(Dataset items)
Segment Open

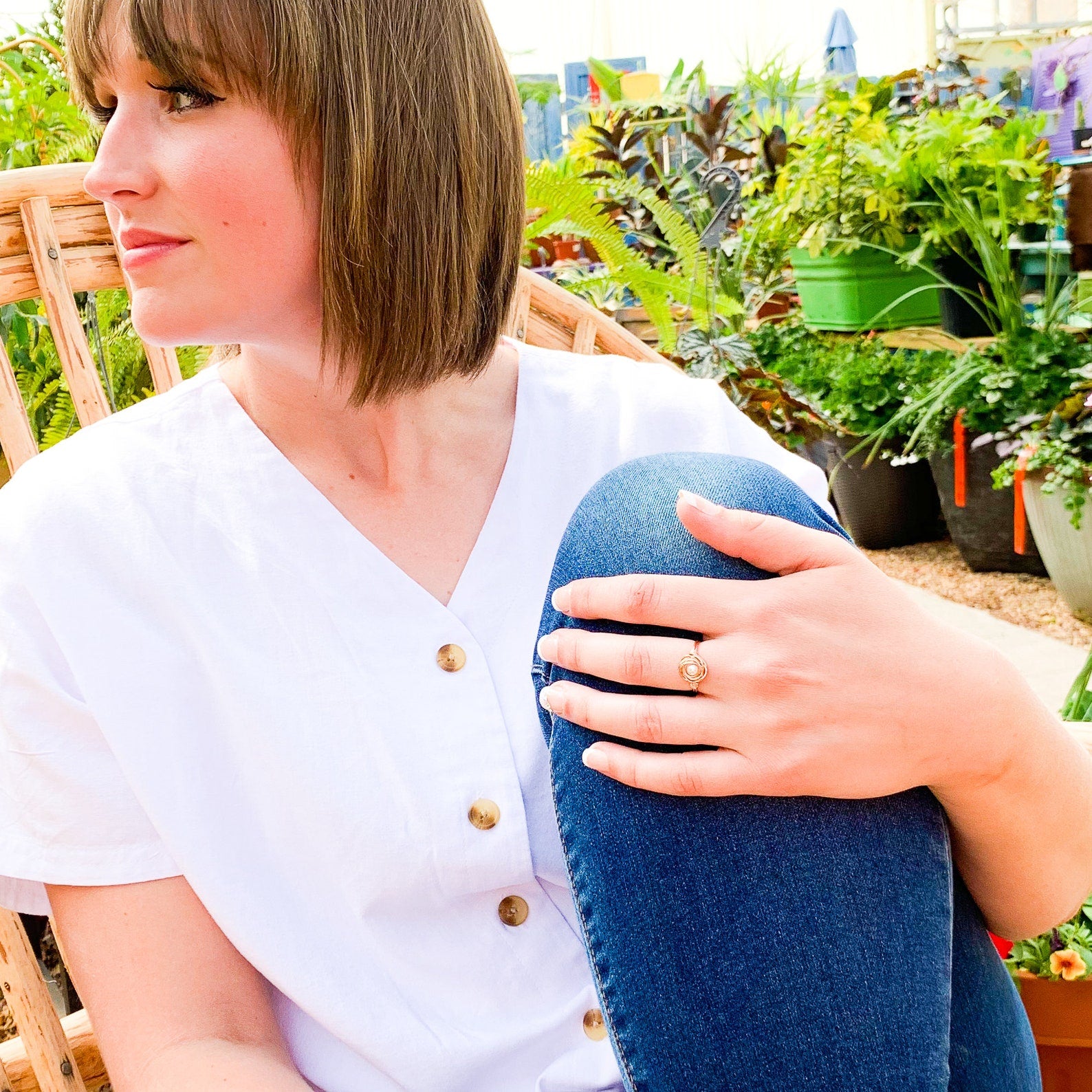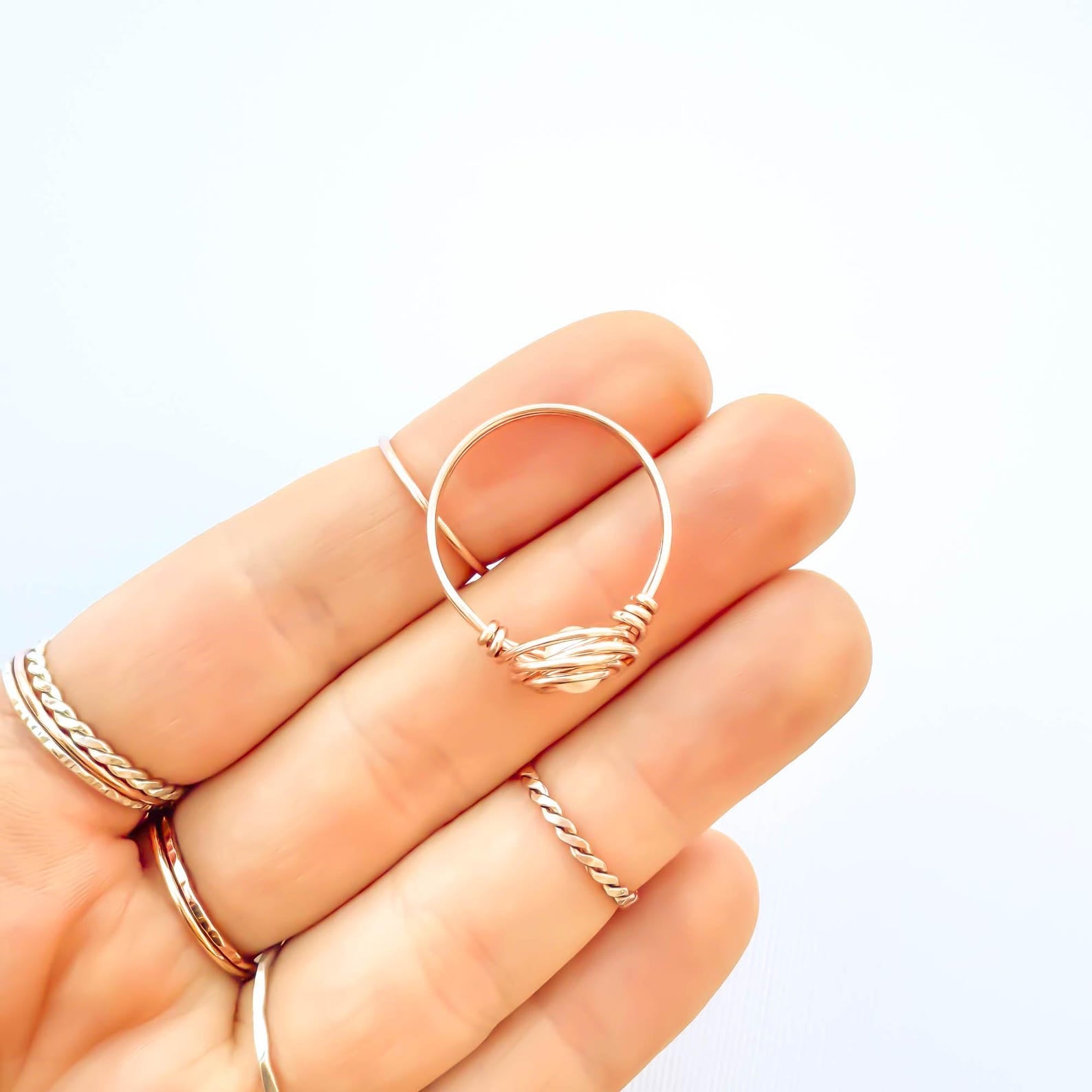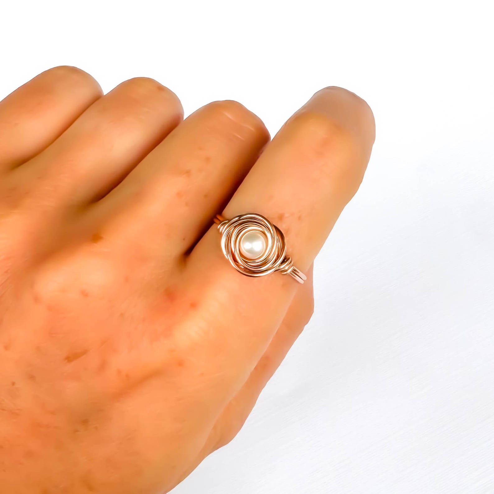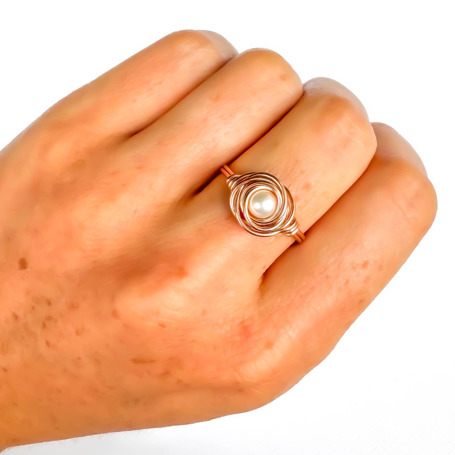 • Handcrafted out of 20 gauge 14K rose gold filled wire with a Czech glass pearl. The design is to resemble a nest, or a rose, with a pearl.
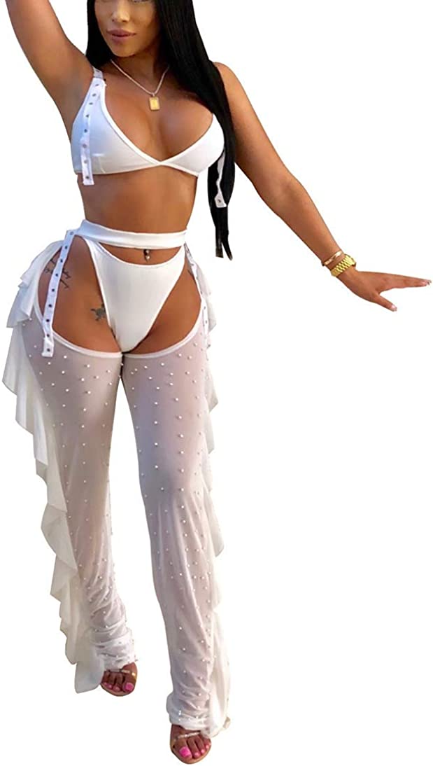 We love the see-through clothing because it is made of Polyester and mesh, which is soft and comfortable to wear. It features a v-neck top with beading pearls, a sleeveless design, long-side ruffle mesh pants, and a hollow-out design. The outfit is perfect for any beach party or special occasion, perfect for showing off your curves.
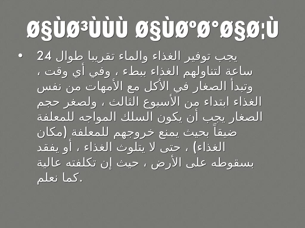 يجب توفير الغذاء والماء تقريبا طوال 24 ساعة لتناولهم الغذاء ببطء ، وفي أي وقت ، وتبدأ الصغار في الأكل مع الأمهات من نفس الغذاء ابتداء من الأسبوع الثالث ، ولصغر حجم الصغار يجب أن يكون السلك المواجه للمعلفة ضيقاً بحيث يمنع خروجهم للمعلفة (مكان الغذاء) ، حتى لا يتلوث الغذاء ، أو يفقد بسقوطه على الأرض ، حيث إن تكلفته عالية كما نعلم.
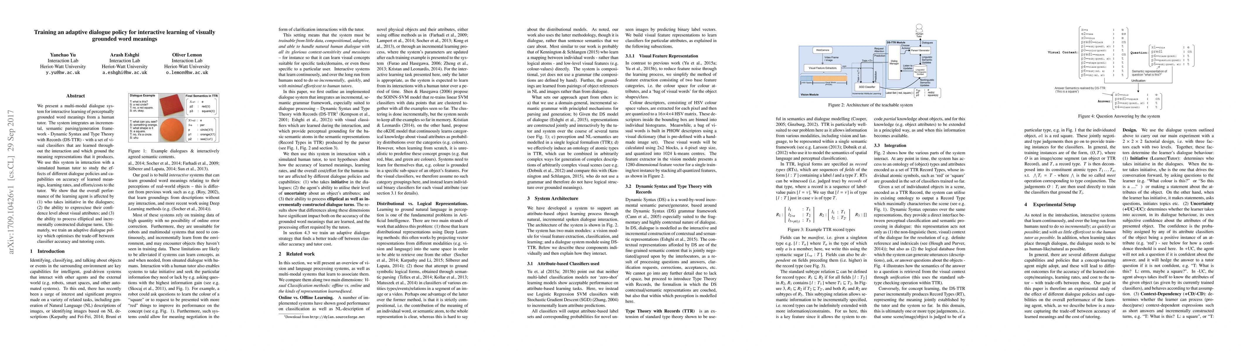 This paper develops a multi-modal dialogue system that learns visually grounded word meanings from a human tutor, integrating semantic parsing with visual classifiers. The system's performance is optimized through an adaptive dialogue policy that balances classifier accuracy and tutoring costs, influenced by dialogue initiative, confidence expression, and handling of elliptical dialogue.
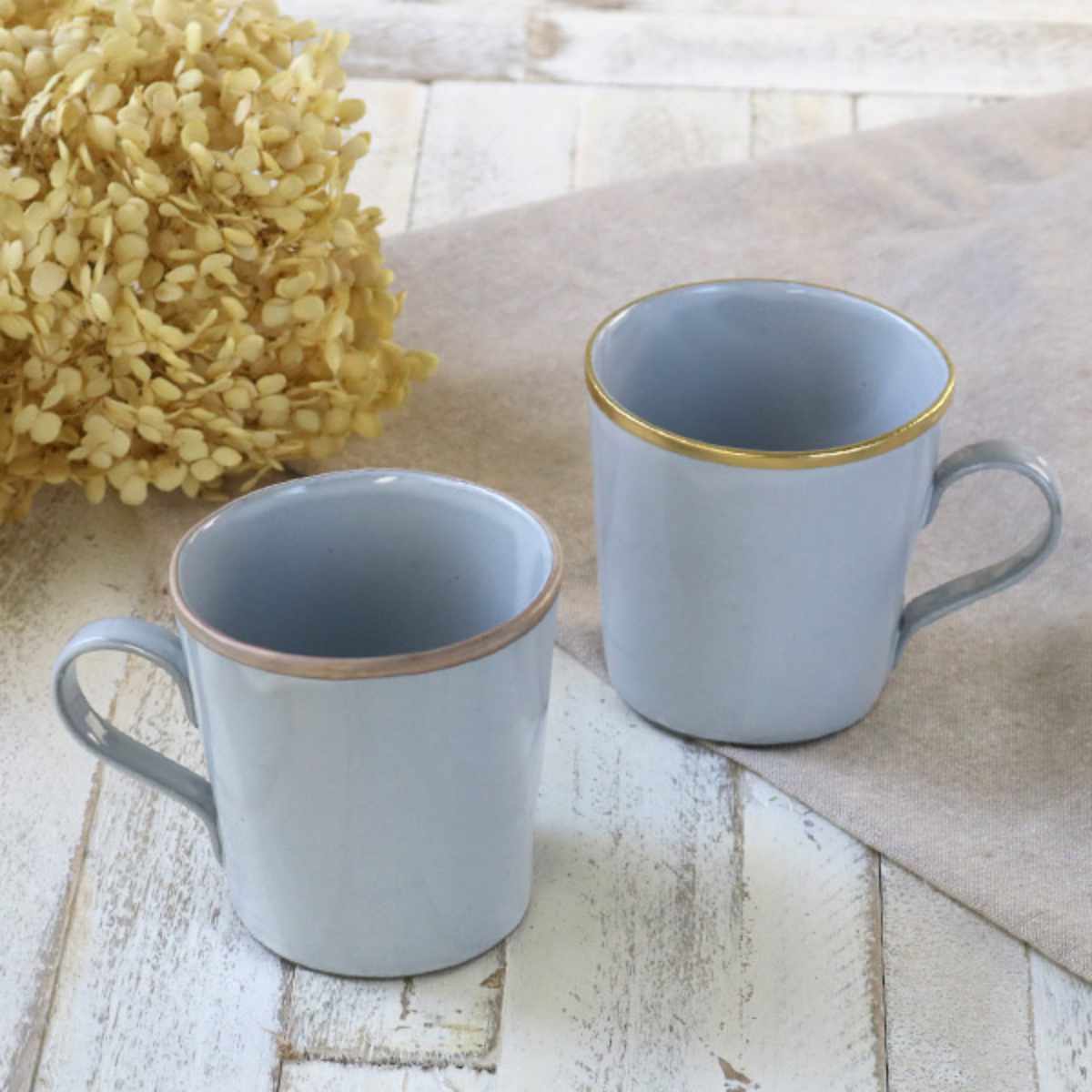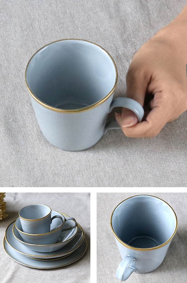 優しいペールグレーに、アクセントとなる縁取りが美しいマグカップです。コーヒーや温かい飲み物を飲むのにぴったりのサイズです。映画を見たり読書をしたりと、ゆっくり過ごしたい時にもおすすめです。無駄のないシンプルなデザインと色味が毎日のティータイムをもっと素敵にしてくれます。
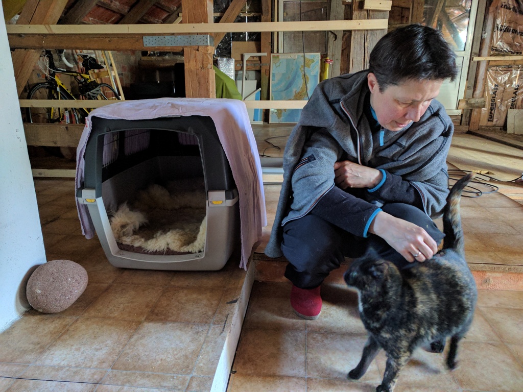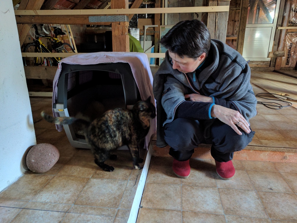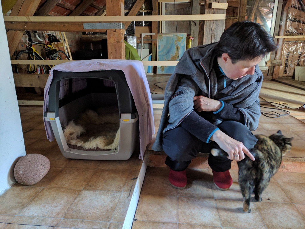 Damit war die Sache schon fast beschlossen, aber ich wollte zumindest bei einem persönlichen Besuch herausfinden, ob sie mir ins Gesicht springt oder uns eine Chance gibt. Wir fuhren also noch einmal nach Wollaberg und waren von Haru (Pina) begeistert; zumal wir unser neuen Mitbewohnerin die ganze Scheune als ihr Reich anbieten können. Für Sofa und Bett haben wir ja Hanabi, unsere 15-jährige Jack-Russel-Dame, die früher jede Katze versucht hätte, zur Strecke zu bringen, mittlerweile aber schon um die Hühner einen Bogen macht. Wir hoffen also, dass Haru und Hanabi sich aus dem Weg gehen werden, nachdem Haru Hanabi erst einmal eine gewischt hat – das wird wohl leider nicht zu vermeiden sein, wenn beide frei um unser Haus in der Bergerau herumstreichen dürfen.
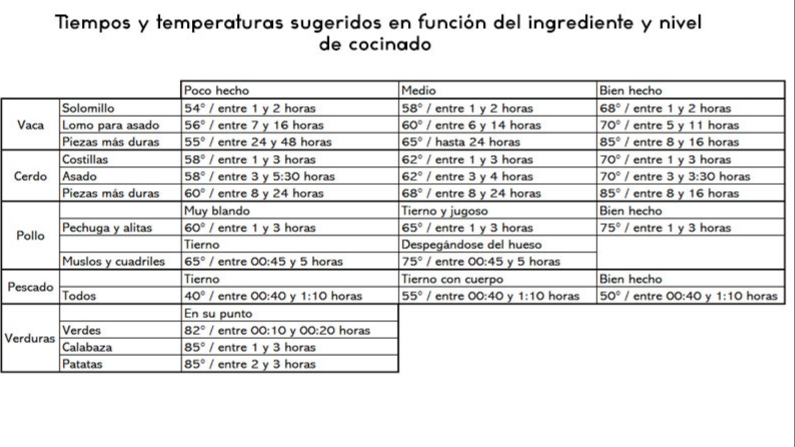 Os dejo con una tabla orientativa de temperaturas y tiempos.
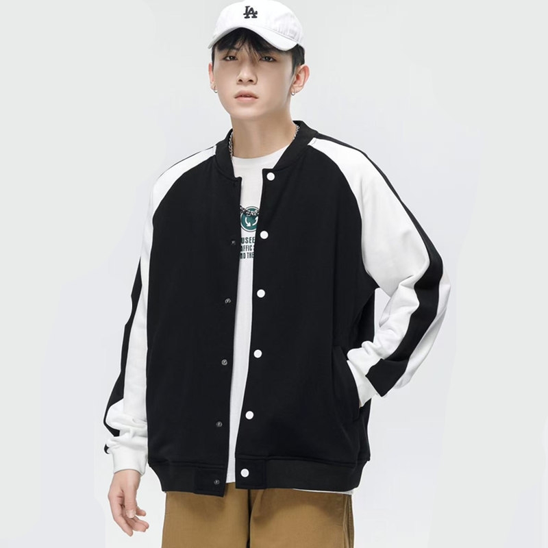 2025新款棒球服外套宽松美式棒球领夹克拼色条纹按扣运动开衫简约
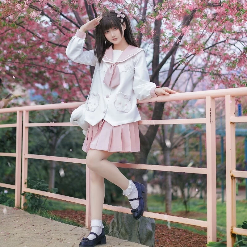 1 * Kawaii Pink Cartoon Rabbit Embroidered JK Uniform Skirt Suit(1 * Uniform T shirt / 1 * JK skirt/ 1 * Bow tie)
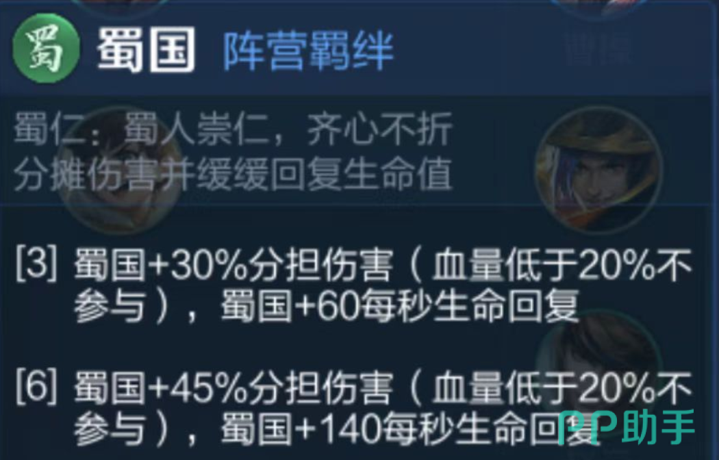 蜀国羁绊聚焦团队续航与承伤优化:当场上存在3名蜀国角色时,全体蜀国单位每秒恢复235点生命值;6名蜀国角色可使全体蜀国单位将所受伤害的45%分摊至其他蜀国队友;若9名上场角色均为蜀国,则伤害分摊比例提升至60%,并维持每秒235点的生命回复效果。
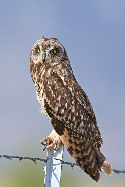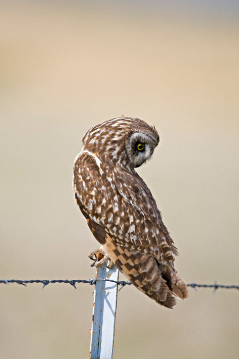 | The next 19 images of Short-eared Owl were taken at Bear River N.W.R., in June, 2007. As I drove along a county road bordering the refuge late one afternoon, I saw a Short-eared Owl perched on a metal fence T-post along the roadside. Over many years I have had this happen many times, and I fully expected the bird to fly away as soon as I stopped my vehicle, but I stopped anyway, just on the off chance the bird would stay put. Well, the bird sat still and allowed me to take many images as it sat on the fence, watching the grass for prey as well as paying attention to a couple of Eastern Kingbirds which were harassing it. I was able to get a number of shots with a 600mm F/4 L IS lens and a Canon EOS 1D Mark III body before the bird departed. |
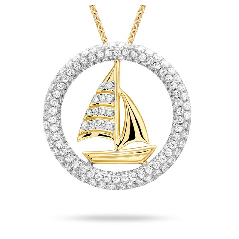 14kt Gold Lab Diamond Sail Boat Necklace
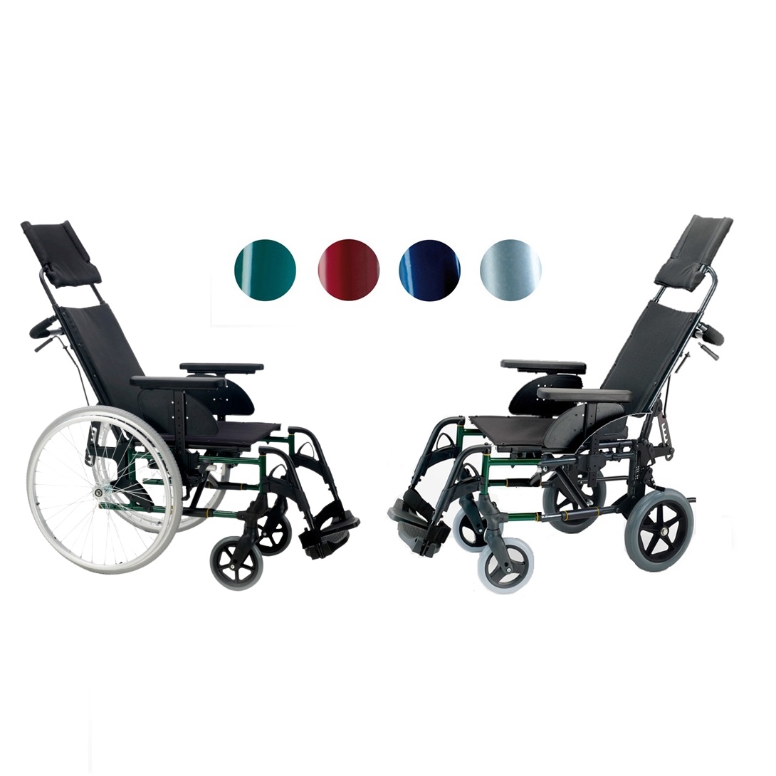 Permite-lhe escolher entre dois modelos diferentes em função do tamanho da roda traseira: pequena (12″) ou grande (24″), para autopropulsão. A roda de 24″ é também de extração rápida, a fim de facilitar o seu transporte.
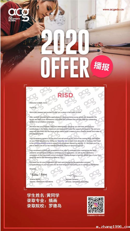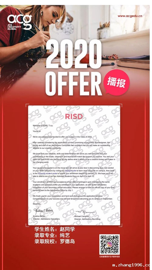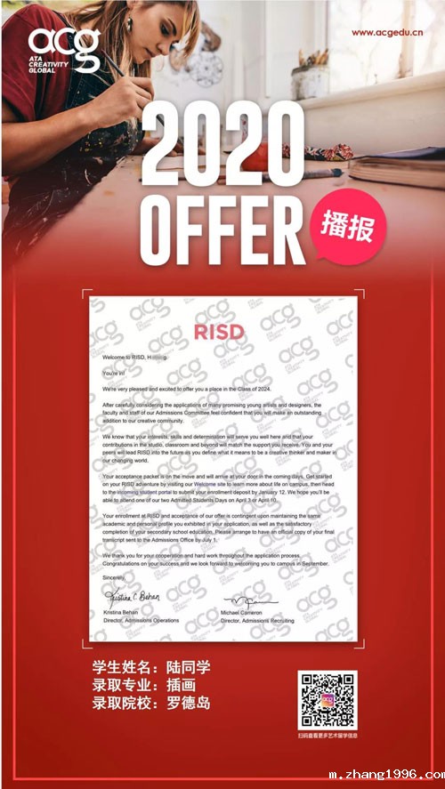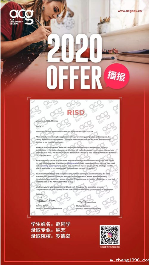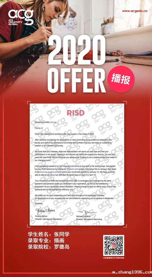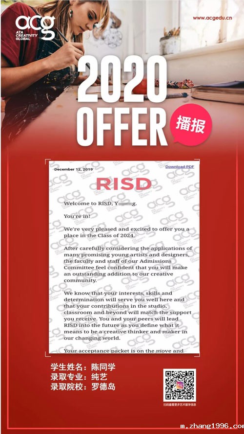 随着OFFER季的来临,顶尖艺术名校录取轮番轰炸!今天zhang1996的学员又双叒叕收到了。来自世界顶级院校罗德岛的OFFER!前方高能学霸出没请注意!

Segment Closed

Set down every record above exactly as it stands, but skip the pictures.

 • Handcrafted out of 20 gauge 14K rose gold filled wire with a Czech glass pearl. The design is to resemble a nest, or a rose, with a pearl.
 We love the see-through clothing because it is made of Polyester and mesh, which is soft and comfortable to wear. It features a v-neck top with beading pearls, a sleeveless design, long-side ruffle mesh pants, and a hollow-out design. The outfit is perfect for any beach party or special occasion, perfect for showing off your curves.
 يجب توفير الغذاء والماء تقريبا طوال 24 ساعة لتناولهم الغذاء ببطء ، وفي أي وقت ، وتبدأ الصغار في الأكل مع الأمهات من نفس الغذاء ابتداء من الأسبوع الثالث ، ولصغر حجم الصغار يجب أن يكون السلك المواجه للمعلفة ضيقاً بحيث يمنع خروجهم للمعلفة (مكان الغذاء) ، حتى لا يتلوث الغذاء ، أو يفقد بسقوطه على الأرض ، حيث إن تكلفته عالية كما نعلم.
 This paper develops a multi-modal dialogue system that learns visually grounded word meanings from a human tutor, integrating semantic parsing with visual classifiers. The system's performance is optimized through an adaptive dialogue policy that balances classifier accuracy and tutoring costs, influenced by dialogue initiative, confidence expression, and handling of elliptical dialogue.
 優しいペールグレーに、アクセントとなる縁取りが美しいマグカップです。コーヒーや温かい飲み物を飲むのにぴったりのサイズです。映画を見たり読書をしたりと、ゆっくり過ごしたい時にもおすすめです。無駄のないシンプルなデザインと色味が毎日のティータイムをもっと素敵にしてくれます。
 Damit war die Sache schon fast beschlossen, aber ich wollte zumindest bei einem persönlichen Besuch herausfinden, ob sie mir ins Gesicht springt oder uns eine Chance gibt. Wir fuhren also noch einmal nach Wollaberg und waren von Haru (Pina) begeistert; zumal wir unser neuen Mitbewohnerin die ganze Scheune als ihr Reich anbieten können. Für Sofa und Bett haben wir ja Hanabi, unsere 15-jährige Jack-Russel-Dame, die früher jede Katze versucht hätte, zur Strecke zu bringen, mittlerweile aber schon um die Hühner einen Bogen macht. Wir hoffen also, dass Haru und Hanabi sich aus dem Weg gehen werden, nachdem Haru Hanabi erst einmal eine gewischt hat – das wird wohl leider nicht zu vermeiden sein, wenn beide frei um unser Haus in der Bergerau herumstreichen dürfen.
 Os dejo con una tabla orientativa de temperaturas y tiempos.
 2025新款棒球服外套宽松美式棒球领夹克拼色条纹按扣运动开衫简约
 1 * Kawaii Pink Cartoon Rabbit Embroidered JK Uniform Skirt Suit(1 * Uniform T shirt / 1 * JK skirt/ 1 * Bow tie)
 蜀国羁绊聚焦团队续航与承伤优化:当场上存在3名蜀国角色时,全体蜀国单位每秒恢复235点生命值;6名蜀国角色可使全体蜀国单位将所受伤害的45%分摊至其他蜀国队友;若9名上场角色均为蜀国,则伤害分摊比例提升至60%,并维持每秒235点的生命回复效果。
 | The next 19 images of Short-eared Owl were taken at Bear River N.W.R., in June, 2007. As I drove along a county road bordering the refuge late one afternoon, I saw a Short-eared Owl perched on a metal fence T-post along the roadside. Over many years I have had this happen many times, and I fully expected the bird to fly away as soon as I stopped my vehicle, but I stopped anyway, just on the off chance the bird would stay put. Well, the bird sat still and allowed me to take many images as it sat on the fence, watching the grass for prey as well as paying attention to a couple of Eastern Kingbirds which were harassing it. I was able to get a number of shots with a 600mm F/4 L IS lens and a Canon EOS 1D Mark III body before the bird departed. |
 14kt Gold Lab Diamond Sail Boat Necklace
 Permite-lhe escolher entre dois modelos diferentes em função do tamanho da roda traseira: pequena (12″) ou grande (24″), para autopropulsão. A roda de 24″ é também de extração rápida, a fim de facilitar o seu transporte.
 随着OFFER季的来临,顶尖艺术名校录取轮番轰炸!今天zhang1996的学员又双叒叕收到了。来自世界顶级院校罗德岛的OFFER!前方高能学霸出没请注意!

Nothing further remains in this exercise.